Newspapers also reported on the desperate conditions at sea for ships. In the North Sea 19 men in the rig ‘Sea Quest’ were tossed around by 25 feet waves and two newly built vessels, one a 15,000 ton refrigerated ship, broke away from their moorings. Joseph Ayre, the ship’s cook, Ewen Morrison a deckhand, and Matthew Hanton, a boiler-man, all drowned when the Clyde Port Authority dredger ‘Cessnock’ capsized and sank 300 yards off Princess Pier, Greenock.
Lee Meow Kua was a Malaysian physiotherapist living in Glasgow. She died at the Western Infirmary on the morning of 15 January from crush injuries she sustained in the storm.
In Edinburgh, William Anderson, a printer’s packer, and his wife Elsie died in their home at 7 Northcote Street, Edinburgh, when masonry fell through their bedroom. In the following months, the ‘Glasgow Herald’ reported that fourteen families who had lived in the four-storey tenement with the Anderson family were too afraid to return to the building because of its unsafe condition after the storm.
Other areas outside Glasgow and Edinburgh were also affected by the hurricane. In Fife, which suffered damage to 4,500 local authority properties and 2,000 private homes, the Reverend Alexander Cameron and his wife were seriously injured when a chimney head crashed through the roof of their house. In Dundee Mr and Mrs Alexander Clark woke when their living room ceiling fell in after two chimney heads crashed through their house.
Ex-Prime Minister Edward Heath commented on the tragedy saying ‘it is hard to visualise what happens when three tonnes of solid masonry falls through a roof, it goes through the roof, the next floor and the next, creating a bomb crater in the basement, leaving only death behind it.’
The Queen sent a message to the Secretary of State for Scotland sending ‘our deepest sympathy to those who have been bereaved, and to those who have suffered in the devastation.’

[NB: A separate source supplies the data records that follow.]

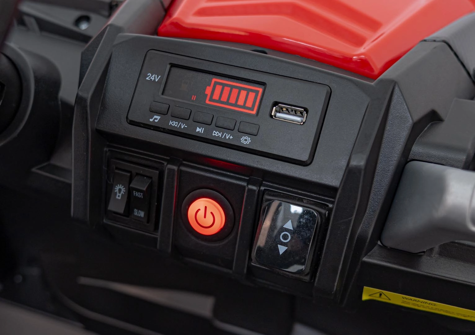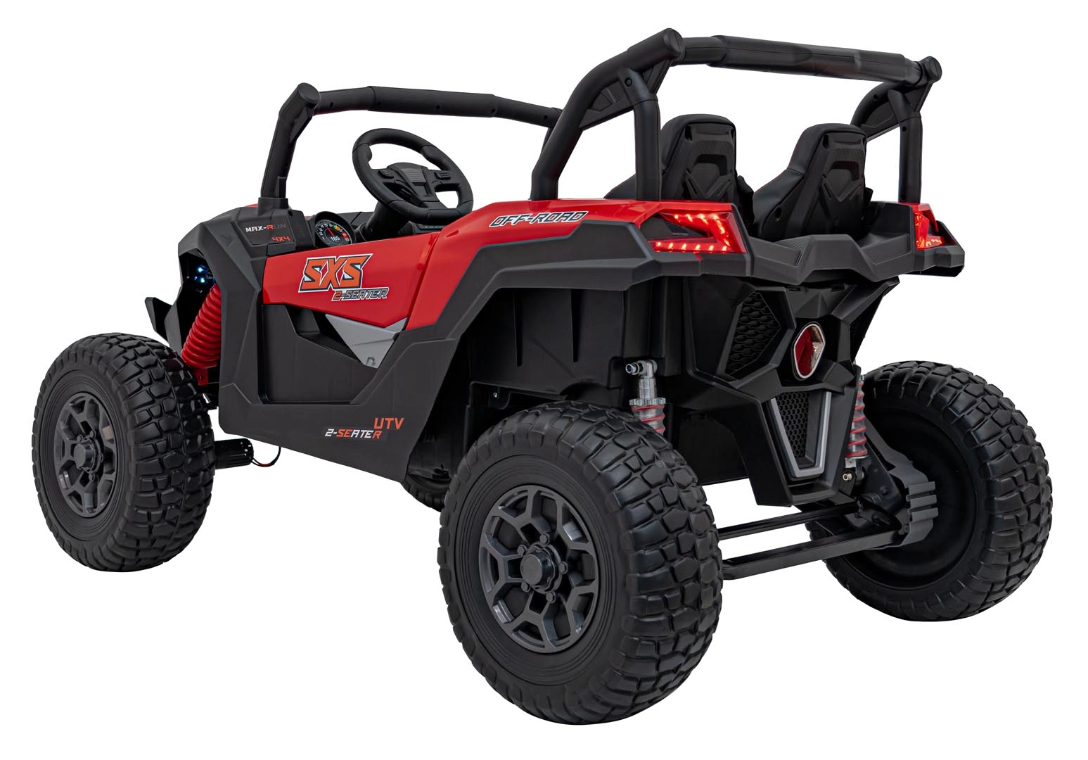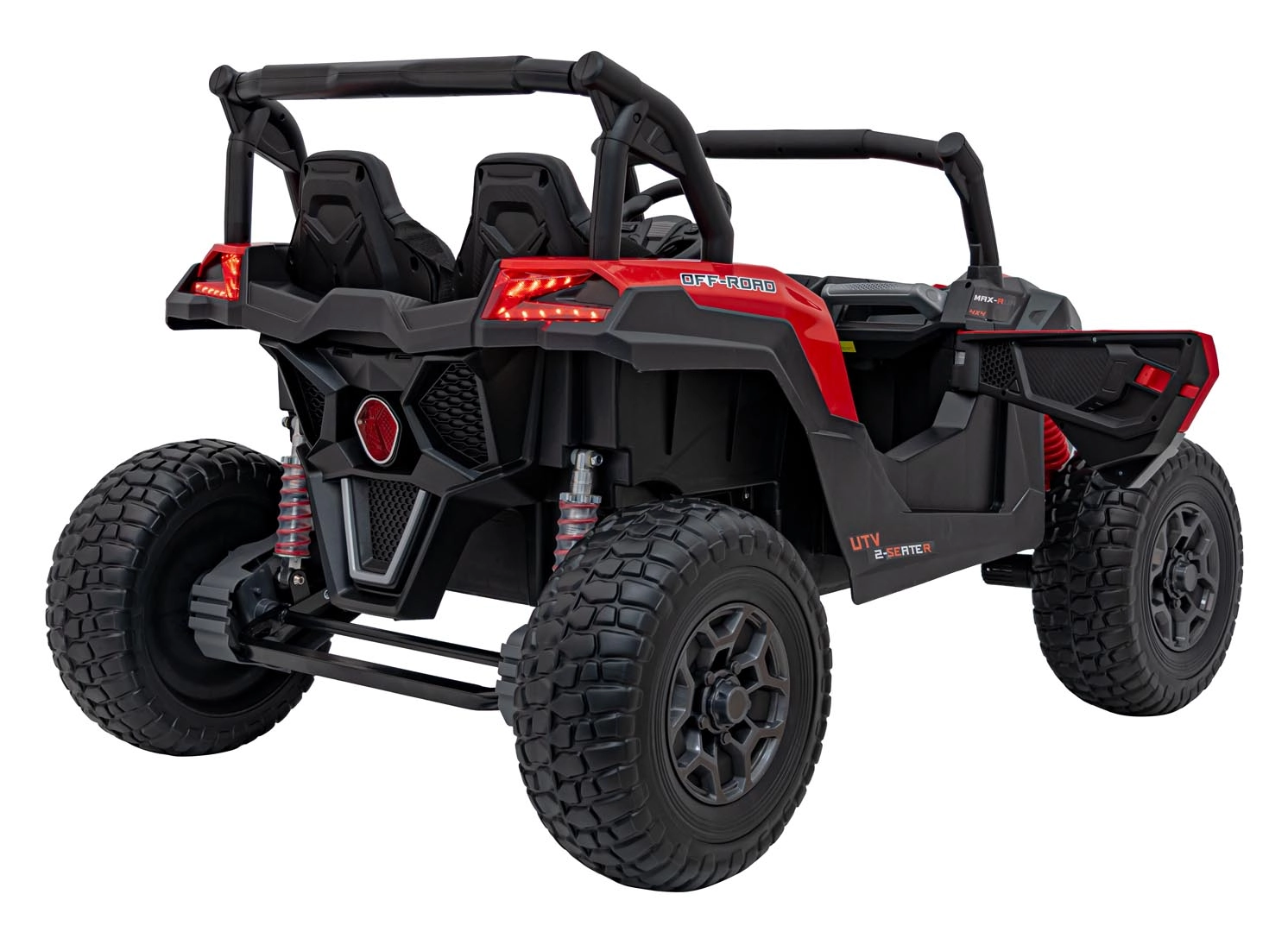 Das robuste elektrische Kinderauto UTV X3 ist für Abenteuer im Gelände gemacht. Dank 24‑V‑Akku und vier starken 4×200‑W‑Motoren meistert es Unebenheiten, während die großen, weichen EVA‑Räder eine leise und komfortable Fahrt gewährleisten. Sanftes Anfahren, zwei Geschwindigkeiten und die Umschaltung vorwärts/rückwärts machen die Bedienung spaßig und zugleich sicher.
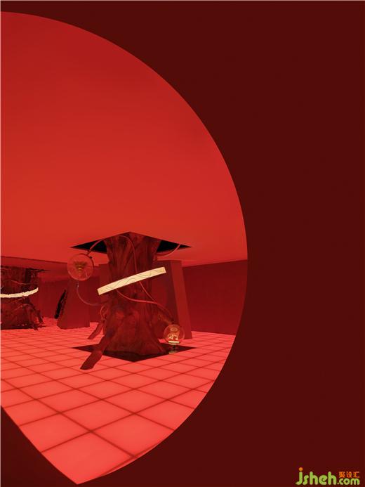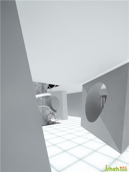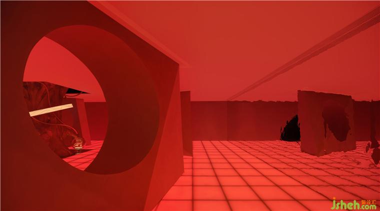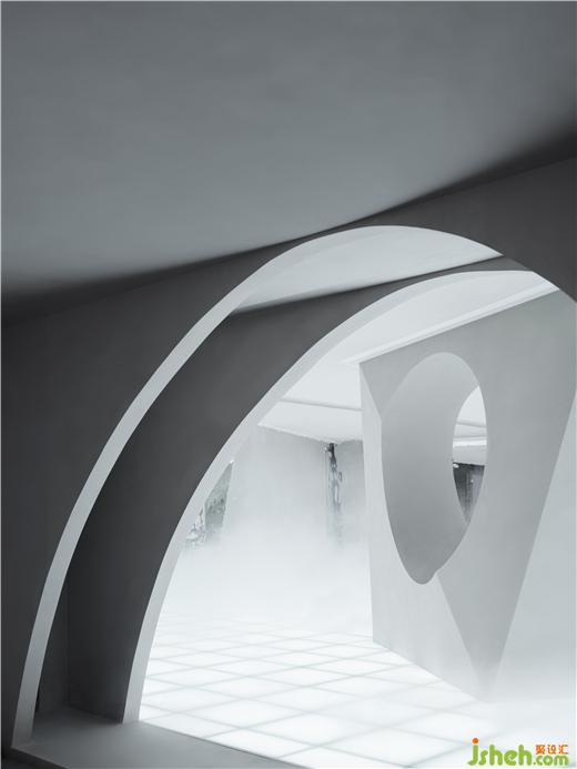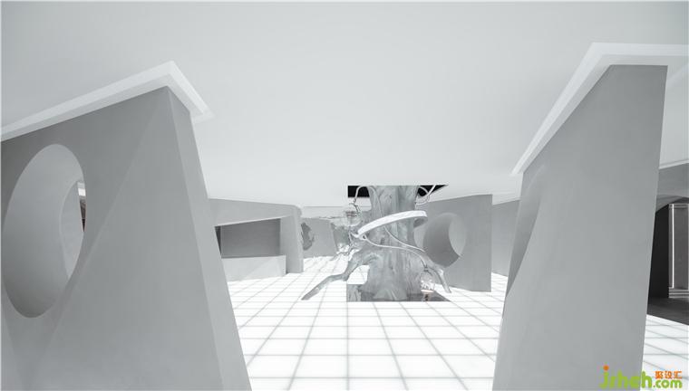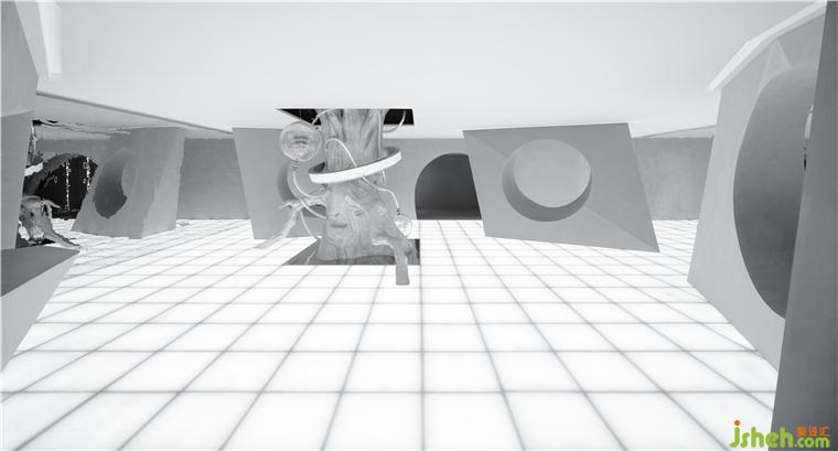 地板成為唯一主要光源,根據(jù)不同場(chǎng)景變化發(fā)出不同光效,光源透過(guò)鏤空的圓孔,美術(shù)館設(shè)計(jì)整個(gè)結(jié)構(gòu)框架的脈絡(luò)清晰可見(jiàn),線性線條的利落美呼之欲出,讓玩家在交錯(cuò)、穿插、重疊的視覺(jué)空間感受現(xiàn)實(shí)與虛幻的輪回與碰撞。
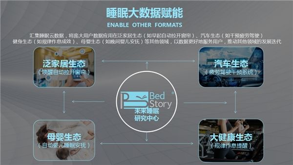 Bedstory眠里故事,以床垫为切入,逐步建立睡眠智能生态,帮助人们找到更适合自己的深度睡眠;通过云端大数据,能够让人们更深入地感知自己的睡眠信息,同时经过分析计算,将庞大用户数据应用在泛家居生态、汽车生态、母婴生态、大健康生态等领域,以数据更好地服务用户,推动其他领域的发展迭代。
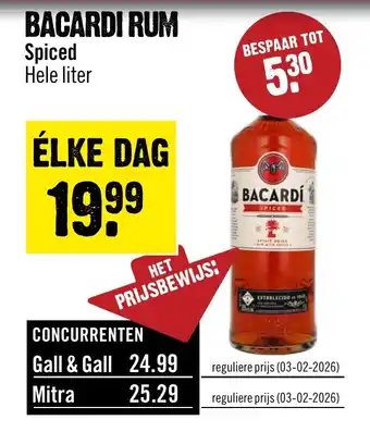 De prijs van de Bacardi rum spiced hele liter kan ook teruggevonden worden hierboven op de pagina, samen met de datum van wanneer de aanbieding beschikbaar is. Ook kun je de prijzen in de huidige Dirck 3 folder of op de Dirck 3 website controleren. De aanbiedingen verzekeren je van het kopen van de Dirck 3 producten voor de laagste prijs.

Those left alive and uninjured faced the task of rebuilding their homes. The storms highlighted the poor conditions of many properties across Scotland, particularly in Glasgow, where 52 buildings had collapsed in the hurricane and almost 29,000 roofs were damaged. Many thousands of properties were considered to be unfit for habitation or became irreversibly sub-standard in their condition. For over a year after the storm, a lack of workmen available to mend the damaged properties left families to live with tarpaulins over the holes in their roofs. The total cost of damage to property across Scotland was £30 million.